As language models (LMs) are increasingly adopted across domains, high-quality benchmarking frameworks that accurately estimate performance are essential for guiding deployment decisions. While frameworks such as Holistic Evaluation of Language Models (HELM) enable broad evaluation across tasks, they often rely on fixed prompts that fail to generalize across LMs, yielding unrepresentative performance estimates. Unless we approximate each LM's ceiling (maximum achievable via changes to the prompt), we risk underestimating performance. Declarative prompting frameworks, such as DSPy, offer a scalable alternative to manual prompt engineering by crafting structured prompts that can be optimized per task. However, such frameworks have not been systematically evaluated across established benchmarks. We present a reproducible DSPy+HELM framework that introduces structured prompting methods which elicit reasoning, enabling more accurate LM benchmarking. Using four prompting methods, we evaluate four frontier LMs across seven benchmarks (general/medical domain) against existing HELM baseline scores. We find that without structured prompting: (i) HELM underestimates LM performance (by 4% average), (ii) performance estimates vary more across benchmarks (2% standard deviation), (iii) performance gaps are misrepresented (leaderboard rankings flip on 3/7 benchmarks), and (iv) introducing chain-of-thought reduces LM sensitivity to prompt design (smaller across prompts).
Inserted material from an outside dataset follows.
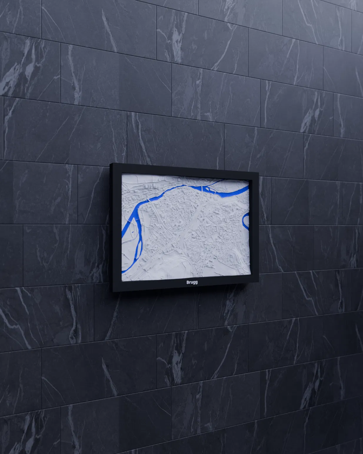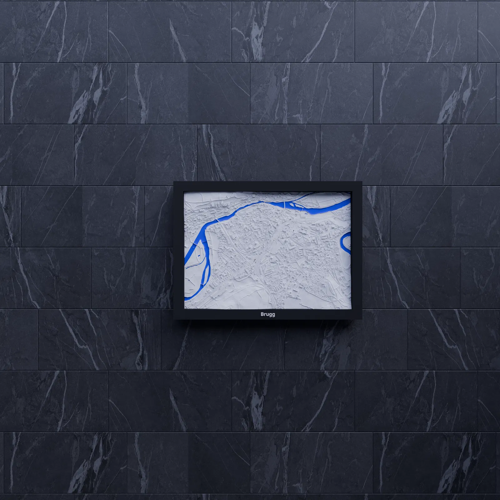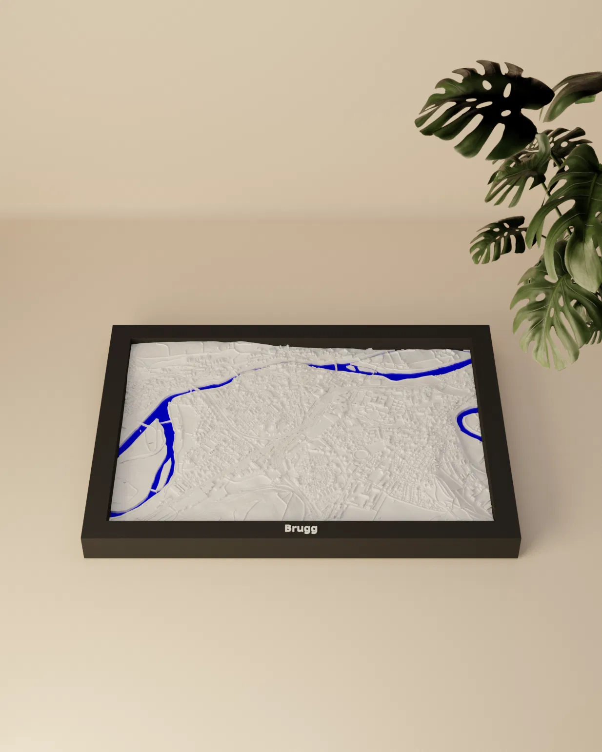 Mô hình địa hình thu nhỏ in 3D tái hiện Brugg (Thụy Sĩ) từ dữ liệu địa lý, tỉ lệ ~16533:1. Kèm STL/3MF và nhiều biến thể khung có lỗ treo, phù hợp trang trí, học tập hoặc trưng bày.

To our knowledge, this is the first benchmarking study to systematically integrate structured prompting into an established evaluation framework, demonstrating how scalable performance-ceiling approximation yields more robust, decision-useful benchmarks. We open-source (i) DSPy+HELM Integration (https://github.com/stanford-crfm/helm/pull/3893) and (ii) Prompt Optimization Pipeline (https://github.com/StanfordMIMI/dspy-helm).

Paper Structure

This paper contains 21 sections, 17 equations, 4 figures, 5 tables, 2 algorithms.

Figures (4)

  • Figure 1: Pipeline overview. (a) DSPy takes HELM's baseline prompt and produces structured prompt variants. (b) HELM evaluates models under each prompt variant. With structured prompting, we observe more robust evaluation: (i) improved performance, (ii) reduced variance, (iii) altered gaps (flipped rankings).
  • Figure 2: Structured prompting methods evaluated in our study (Zero-Shot CoT, BFRS, MIPROv2). Each box corresponds to one method, showing how instructions and context differ across methods. For BFRS and MIPROv2, $K$ denotes the number of in-context demonstrations (Inputs $\rightarrow$ Reasoning, Output).
  • Figure 3: Heat map showing $\Delta$ (increase in accuracy) of each prompting method over HELM's baseline (light=small, dark=large). Across four models, x-axis lists prompting methods, y-axis lists benchmarks. All structured prompting methods exhibit similar improvements, while o3 Mini remains relatively insensitive.
  • Figure 4: Accuracy vs cost tradeoff across prompting methods. Each point represents a model-prompt pair, with x-axis showing additional prompt tokens (relative to HELM baseline) and y-axis showing macro-averaged accuracy across benchmarks. Overall, Zero-Shot CoT is the most cost-effective structured prompting method.